Bildungsniveau ist unterschiedlich
Das Ziel sei es vor allem, die Geflüchteten aus der Asylsozialhilfe herauszulösen und sie in die Bildungs- und Arbeitsprozesse in der Schweiz zu intergrieren, sagt Schulz. Waren Integrationsbemühungen für die Flüchtlinge aus der Ukraine anfangs freiwillig, gilt für sie mittlerweile ebenfalls eine Integrationspflicht. «Fast alle Klienten haben mit dem Deutschlernen begonnen», berichtet er. Im Integrationsprozess seien diese aber unterschiedlich weit. Die Kinder seien ins Schulsystem eingebunden, andere Klienten machten eine Lehre, wieder andere befänden sich in einem Übergangsjahr als Vorbereitung auf das Berufsleben. Der Bund mache mittlerweile deutlich mehr Druck, so Schulz. Der Integrationsprozess brauche jedoch Zeit. «Die Leute kommen in ein komplett neues System rein», gibt er zu bedenken. Für Ältere sei es darüber hinaus schwieriger, die deutsche Sprache zu lernen. Hinzu kommt, dass die Bildungsvoraussetzungen allgemein sehr unterschiedlich sind. Die jungen Männer aus Afghanistan haben häufig nicht lange die Schule besucht. Sie haben ausserdem noch ein anderes Handicap: «Ich habe Klienten, die sind intelligent und motiviert, wollen aber aus sozialem Druck schnell Geld verdienen», erklärt Schulz. Ein Teil der Flüchtlinge nehme lieber niederschwellige Jobs an, weil sie ihre Familien zu Hause unterstützen müssten, die teilweise mehrere Tausend Franken Schulden an die Fluchthelfer zurückzahlen müssen. Schulz lobt jedoch ausdrücklich den guten Charakter der Afghanen, die aktuell in Niederwil leben: «Wir konnten ein gutes Zusammenleben schaffen», findet der Betreuer, der mittlerweile ein Vertrauensverhältnis zu seinen Schützlingen aufgebaut hat. «Mir ist es wichtig gewesen, dass sie mich als stabile vertrauensvolle Person wahrnehmen», sagt er. Anfangs seien die Geflüchteten zurückhaltend gewesen, mittlerweile kämen sie aber auch mit persönlichen und teils psychologischen Problemen zu ihm, erzählt er. Im Bedarfsfall organisiert er für sie auch psychologische Unterstützung. Er selbst müsse eine gewisse professionelle Distanz wahren, um ihnen helfen zu können – und um sich selbst zu schützen. Das habe er jedoch schon in seiner Pflegetätigkeit gelernt: «Ihnen ist nicht gedient, wenn ich mitleide.»

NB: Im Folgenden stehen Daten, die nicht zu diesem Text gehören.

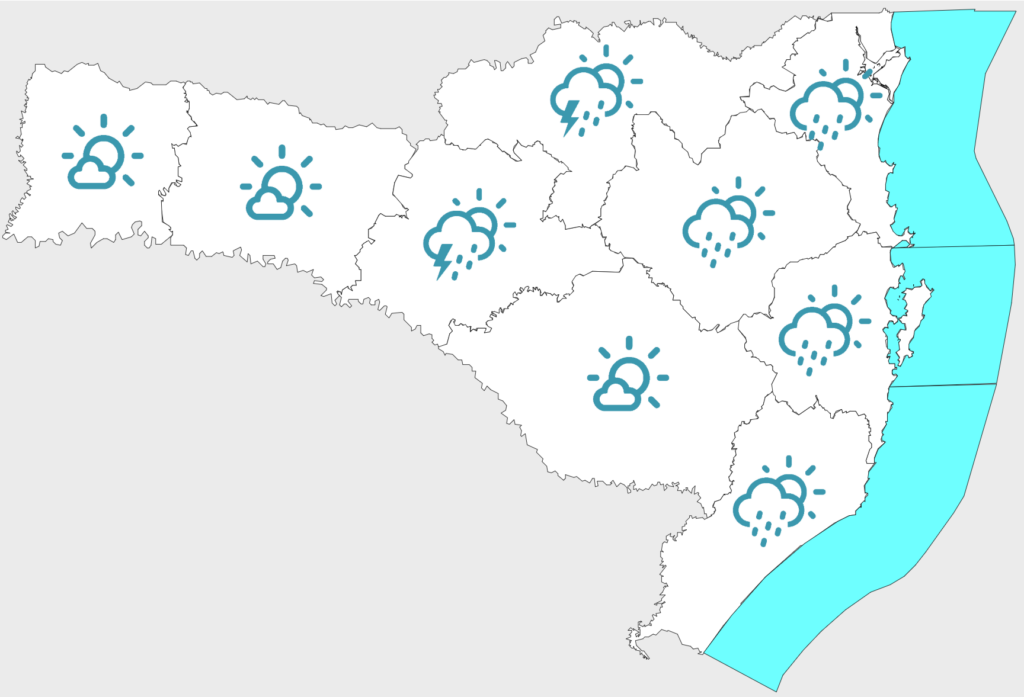 Sexta-feira (06) típica de verão em toda a SC, com presença de sol, muito calor e condições para pancadas isoladas de chuva acompanhadas por temporais, com raios, rajadas de vento e eventual granizo. O risco é baixo a pontualmente moderado para ocorrências relacionadas a alagamentos pontuais, queda de galhos e árvores e destelhamentos. No amanhecer, temperaturas mínimas entre 13°C e 18°C nas áreas serranas e de 19°C a 25°C nas demais regiões. À tarde, faz muito calor com máximas superando 30°C em todo o estado e se aproximando de 40°C no Grande Oeste. O risco relacionado ao forte calor é moderado a alto no estado.

Für die insgesamt besser gebildeten Ukrainerinnen und Ukrainer sieht Schulz gute Perspektiven in der Schweiz – sofern sie sich mental darauf einlassen können, dass sie wohl länger hierbleiben: «Viele stehen momentan am Scheideweg», glaubt er. Sie müssten sich entscheiden, ob sie langfristig bleiben oder eines Tages zurückkehren wollten. Nicht alle haben aber überhaupt eine Wahl. Viele kommen aus Teilen der Ostukraine, die von Russland annektiert ist. Ob sich daran in absehbarer Zeit etwas ändert, kann niemand vorhersagen.